--- Exercise brief ---
Starting at the line that contains "Settings.app konfiguriert werden)", reproduce only the lines through the end of the data, exactly, including both the first and the last; skip the pictures.

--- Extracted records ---
—————

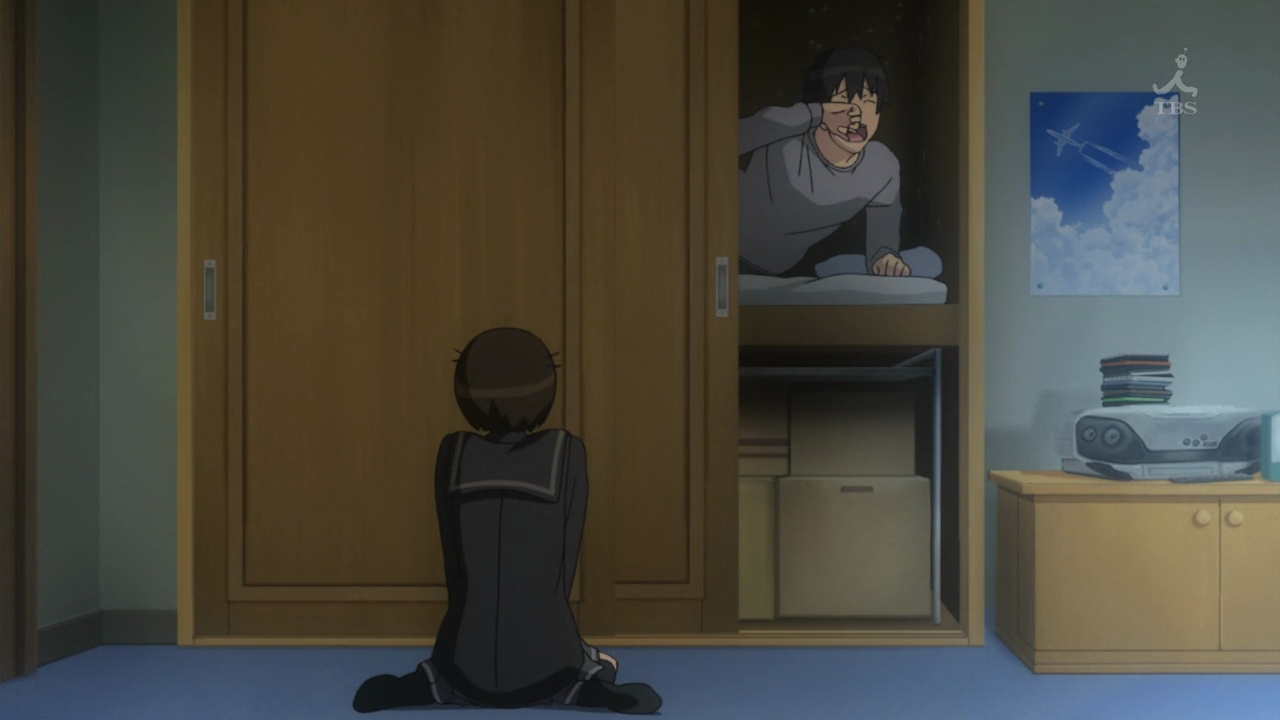 This dude, Tachibana Junichi, a 17 years old junior student in high school, I mean I thought he was really a hikikomori at first, because he literally sleeps in Oshi-ire (closet). He was totally like me since I used to sleep in the closet in my adolescent years too. I thought only Doraemon would sleep in Oshi-ire in 2-D, but this protagonist, Tachibana Junichi, also sleeps in Oshi-ire.
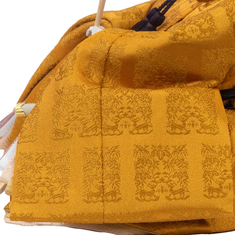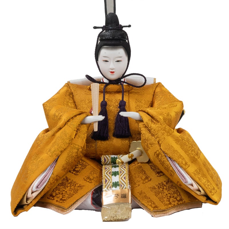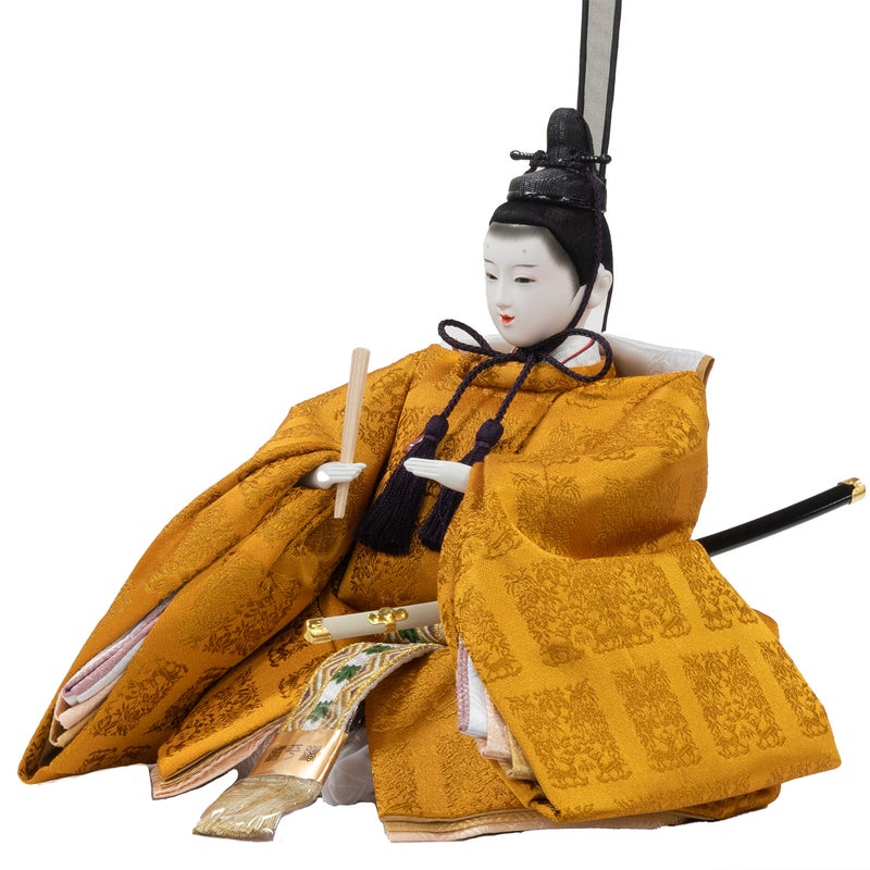 ■男雛の衣裳は天皇陛下のみが着用される桐や竹、鳳凰や麒麟の文様が織り込まれた黄櫨染御袍(こうろぜんのごほう)を着せ付けました。
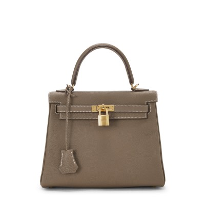 Hermes Hermès, Pre-Loved Etoupe Evergrain Kelly Retourne 25, Etoupe 15156
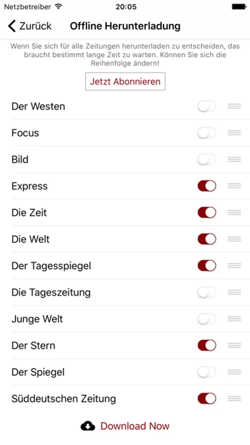 + Zeitungen beim Start automatisch synchronisieren (kann mit der Settings.app konfiguriert werden)
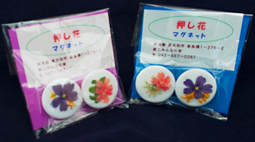 小さな可愛い花を 透明シールで 貼りつけてあります。 ●直径3.0cmのマグネット 2個入り 250円 |

—————

--- Result for this exercise ---
 + Zeitungen beim Start automatisch synchronisieren (kann mit der Settings.app konfiguriert werden)
 小さな可愛い花を 透明シールで 貼りつけてあります。 ●直径3.0cmのマグネット 2個入り 250円 |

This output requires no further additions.